在此处在 VC10 上阅读有关它（该系统可以而且实际上确实会更改每个版本，因此请查找特定于您的版本的文档）。

EditAlso, I should add: debug iterators in visual studio are designed to immediately explode when you use them (instead undefined behavior); not to allow "querying" of their state.

编辑另外，我应该补充一点：Visual Studio 中的调试迭代器旨在在您使用它们时立即爆炸（而不是未定义的行为）；不允许“查询”他们的状态。

Usually you test it by checking if it is different from the end(), like

通常你通过检查它是否与 end() 不同来测试它，比如

if (it != container.end())
{
   // then dereference
}

Moreover using exception handling for replacing logic is bad in terms of design and performance. Your question is very good and it is definitively worth a replacement in your code. Exception handling like the names says shall only be used for rare unexpected issues.

此外，使用异常处理来替换逻辑在设计和性能方面都很糟糕。您的问题非常好，绝对值得替换您的代码。像名字所说的异常处理只能用于罕见的意外问题。

Is there any way to check if a iterator (whether it is from a vector, a list, a deque...) is (still) dereferencable, i.e has not been invalidated ?

有什么方法可以检查迭代器（无论是来自向量、列表还是双端队列...）是否（仍然）可取消引用，即尚未失效？
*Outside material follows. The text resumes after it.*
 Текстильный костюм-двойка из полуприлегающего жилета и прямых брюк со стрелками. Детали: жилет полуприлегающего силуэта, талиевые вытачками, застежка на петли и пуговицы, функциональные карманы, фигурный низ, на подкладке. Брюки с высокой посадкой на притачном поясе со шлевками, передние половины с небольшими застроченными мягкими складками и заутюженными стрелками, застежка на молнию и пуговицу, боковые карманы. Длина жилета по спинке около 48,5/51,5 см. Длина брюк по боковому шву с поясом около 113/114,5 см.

No, there isn't. Instead you need to control access to the container while your iterator exists, for example:

不，没有。相反，您需要在迭代器存在时控制对容器的访问，例如：

• Your thread should not modify the container (invalidating the iterator) while it is still using an instantiated iterator for that container

• If there's a risk that other threads might modify the container while your thread is iterating, then in order to make this scenario thread-safe your thread must acquire some kind of lock on the container (so that it prevents other threads from modifying the container while it's using an iterator)
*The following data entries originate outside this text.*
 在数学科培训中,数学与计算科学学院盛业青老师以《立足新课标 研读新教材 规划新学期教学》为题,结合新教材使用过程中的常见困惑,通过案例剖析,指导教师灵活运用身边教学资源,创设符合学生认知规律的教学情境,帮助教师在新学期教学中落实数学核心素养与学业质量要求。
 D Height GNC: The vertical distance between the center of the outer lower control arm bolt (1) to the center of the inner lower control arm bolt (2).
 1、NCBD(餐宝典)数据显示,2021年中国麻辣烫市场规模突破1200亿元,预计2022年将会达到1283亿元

• 当您的线程仍在使用该容器的实例化迭代器时，它不应修改容器（使迭代器无效）

• 如果在您的线程迭代时存在其他线程可能修改容器的风险，那么为了使此场景线程安全，您的线程必须获取容器上的某种锁（以便它防止其他线程同时修改容器）它正在使用迭代器）

Work-arounds like catching an exception won't work.

像捕获异常这样的变通办法是行不通的。

This is a specific instance of the more general problem, "can I test/detect whether a pointer is valid?", the answer to which is typically "no, you can't test for it: instead you have to manage all memory allocations and deletions in order to knowwhether any given pointer is still valid".

这是更普遍问题的一个特定实例，“我可以测试/检测指针是否有效吗？”，答案通常是“不，你不能测试它：相反，你必须管理所有内存分配和删除，以便知道任何给定的指针是否仍然有效”。

Trying and catching is not safe, you will not, or at least seldom throw if your iterator is "out of bounds".

尝试和捕捉并不安全，如果您的迭代器“越界”，您不会，或者至少很少抛出。

what alemjerus say, an iterator can always be dereferenced. No matter what uglyness lies beneath. It is quite possible to iterate into other areas of memory and write to other areas that might keep other objects. I have been looking at code, watching variables change for no particular reason. That is a bug that is really hard to detect.

什么 alemjerus 说，迭代器总是可以取消引用。不管下面有什么丑陋。很有可能迭代到内存的其他区域并写入可能保留其他对象的其他区域。我一直在查看代码，观察变量的变化没有特别的原因。这是一个很难检测到的错误。

Also it is wise to remember that inserting and removing elements might potentially invalidate allreferences, pointers and iterators.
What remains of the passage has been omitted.